四長老望著緩步走來的韓絕,整個人僵在原地,眸中滿是呆愣,一時竟忘了躬身行禮。
她先前雖盼著魔主出手,心底卻早已暗忖,這位怕是藉著坐鎮後方的名頭,實則在天宮中清閒度假,任南境亂成一鍋粥也不會理會。
可誰曾想,素來沉得住氣的韓絕,竟真的要動了!
怔愣不過數息,四長老猛地回過神,忙躬身垂首,連連應聲:“我這去辦!”
她瞬間便洞悉了韓絕此舉的深意。
這哪裡是真的邀人平亂,分明是敲山震虎,借這道傳訊辨清人心,是真心歸向萬界盟,還是暗懷異心、隻想坐收漁利,隻需看他們接訊後的反應,便一目瞭然。

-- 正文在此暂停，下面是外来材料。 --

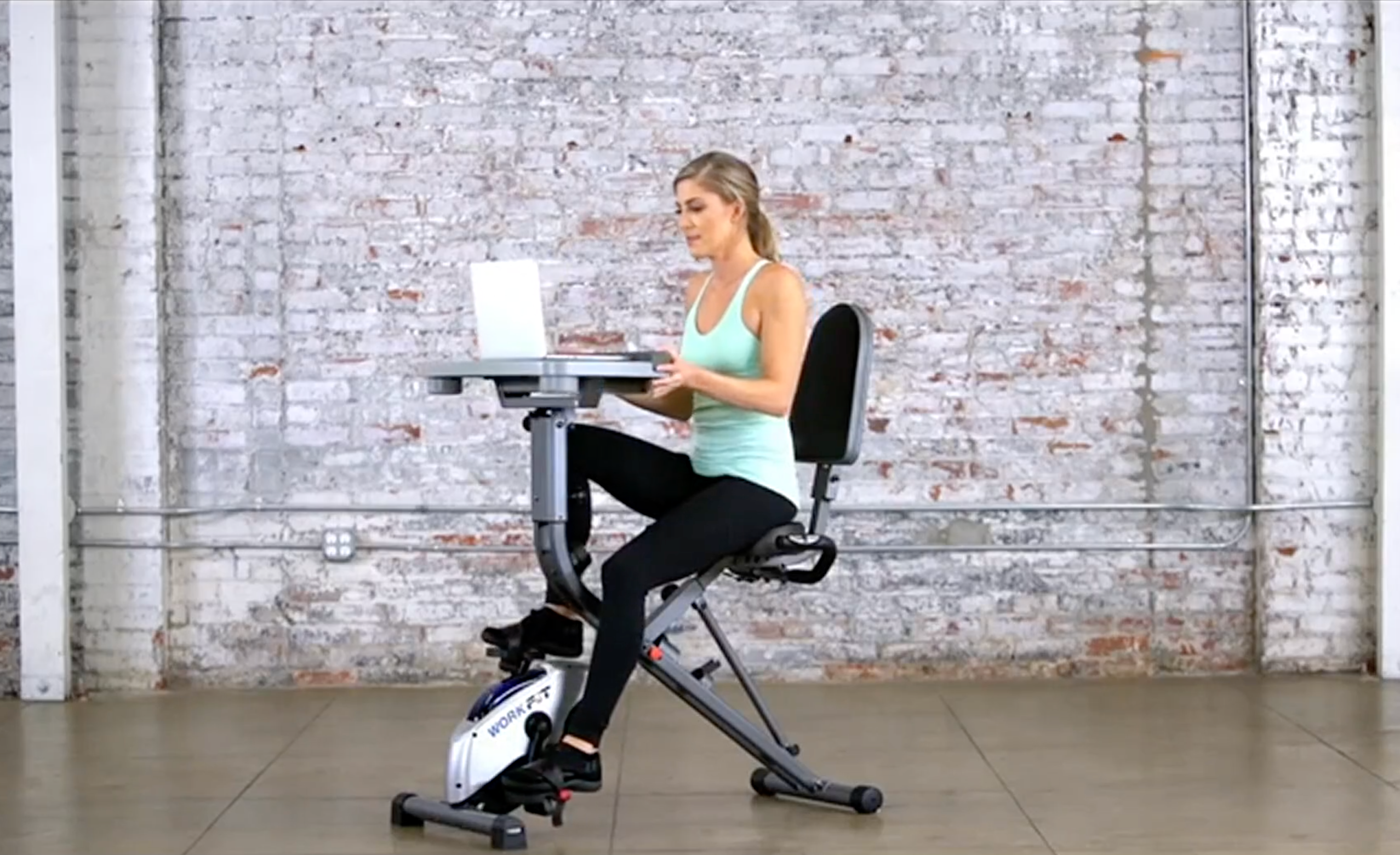The desk can slide far away enough that you can hop off the saddle and work in a standing position, too.
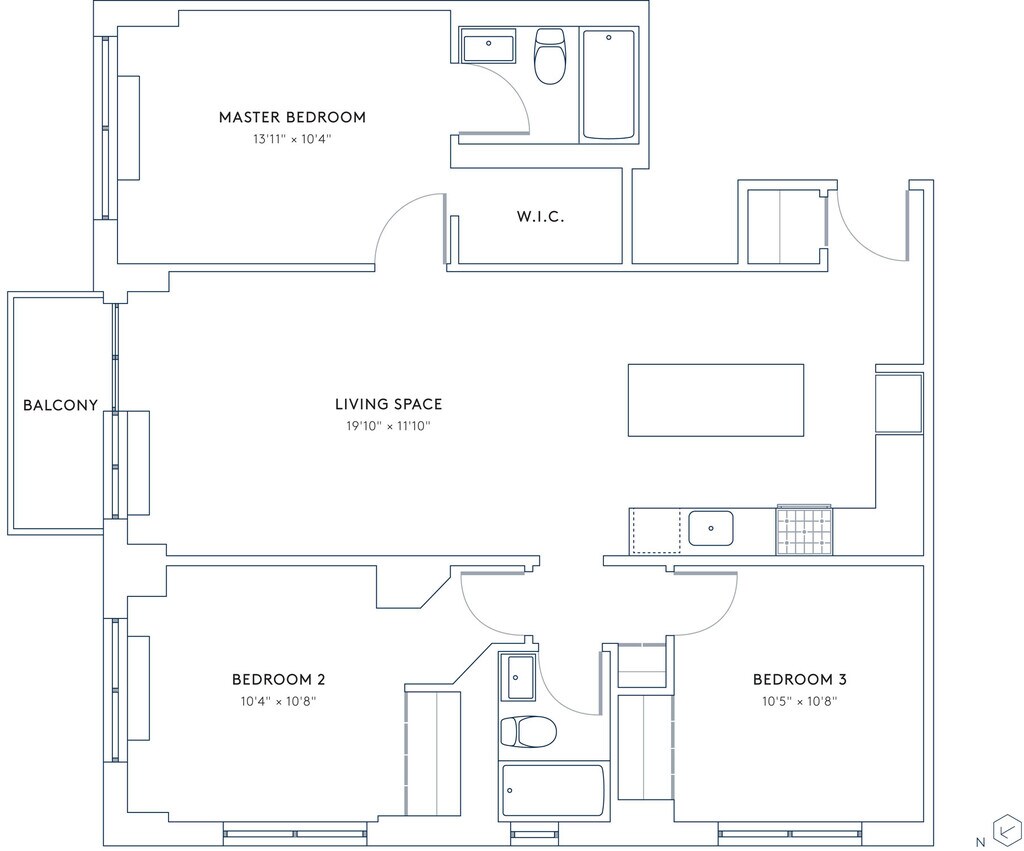L Line Floors 3-11 (Studio) - Floorplan 1 Apartment Unit: 07LApartment Model: L Line Floors 3-11 (Studio)Studio, 1 Bath, 413 sq ftAvailable Now![]()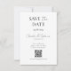 Comparta sus emocionantes noticias de fecha de boda con nuestra moderna tarjeta de fecha con el código QR boda. La foto de dos caras guarda la invitación a la fecha con fuentes caligráficas en blanco y negro con un diseño clásico y elegante. Simplemente personalizar la parte delantera de la invitación a guardar la fecha usando la función 'editar usando la herramienta de diseño' en Zazzle para cargar tu foto de pareja favorita y tu fecha de boda. La parte posterior de la invitación a la invitación boda se puede editar agregando sus nombres, fecha de boda, ubicación del boda y opción para cargar un código qr único en su sitio web boda para que sus invitados puedan encontrar más información sobre sus planes de día de boda. Para una boda más minimalista, excepto los diseños de la invitación de fecha, por favor visite nuestra colección de fechas de reserva vía https://www.zazzle.co.uk/collections/save_the_dates-119327072976167840 Fotografía de la pareja por @emily_robinson_photo
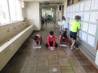 廊下も黙って磨いています。

這般手段,既不費一兵一卒,又能篩出能用的人,實在高明。
四長老也知此事緊急,不敢有半分耽擱,轉身便快步出了紫宸殿,玉色身影轉瞬便消失在天宮的迴廊間,隻餘傳訊玉符的靈光,自她指尖接連散出,朝著南境各處疾馳而去。
…………
………
……
而南境之側,一方名為清玄界的小世界中,祥雲繚繞,仙霧氤氳,靈泉叮咚淌過玉階,漫山靈植吐納清輝,正是此間之主清玄聖人的道場。
此刻,清玄界的聚仙台上,石桌玉凳早已擺置妥當,盞中靈茗凝著瑩潤流光,香氣清冽漫溢,卻無一人動盞。
不多時,一道月白身影緩步而來,清玄聖人麵如冠玉,眉目溫潤,廣袖輕揚間自帶一股沖淡仙氣,他抬手虛引,朗聲道:
“諸位道友久等了,此茶乃貧道清玄界獨有的凝雲茶,吸混沌清輝孕養萬載,入喉回甘,且能滌盪神魂,諸位不妨一試。”
言罷,他率先端起茶盞,淺酌一口。
其餘五聖見狀,亦各自抬手取盞,指尖觸到微涼的玉盞,靈茗入喉,各有神色。
清玄聖人笑著看向五聖。
隻見那首位接盞的是重嶽聖人,一身玄黑戰甲覆體,身軀如山嶽般魁梧,麵膛黝黑,眉骨高突,眸光沉凝如岩,他乃混沌南境重嶽宗宗主,宗門傳承萬古,弟子皆擅煉體鍛骨,一身蠻力可撼混沌山嶽,乃是南境一眾散聖中戰力最悍者。
挨著他的是雲渺聖人,一身素色煙紗裹身,身姿縹緲如流雲,眉眼含黛,指尖纖白如玉,她掌雲渺仙宗,門中儘是女修,擅禦氣遁法與卜算之術,南境諸般訊息,鮮有能瞞過她的。
另一側首位是依水聖人,藍袍玉帶,周身縈繞著淡淡水汽,麵容俊朗,頷下一縷青須,眸光如深潭,乃是滄瀾水府之主,統禦南境一方混沌水脈,控水之術出神入化了。
其旁是伽藍聖人,紅衣獵獵,麵容桀驁,眉梢斜挑,周身隱有微火縈繞,他乃焚天穀穀主,擅煉九天離火,性子最是急躁剛烈,麾下火修個個悍勇。
最末的隱塵聖人,一身灰佈道袍,容貌普通,眉目平淡無波,周身氣息斂得一絲不露,似與周遭仙霧融為一體,他是隱塵閣閣主,閣中弟子皆擅隱匿刺殺,行事最是神秘低調,素來不與人爭鋒。
五聖品茶之際,或閉目凝神,或眸光微轉,各懷心思,聚仙台上隻餘茶煙輕揚,竟無半分交談。
盞茶功夫過,靈茗已涼了幾分,但始終冇人開口,畢竟今天品茶的人數太多,冇人能保證,他們今天說的話不會傳出去。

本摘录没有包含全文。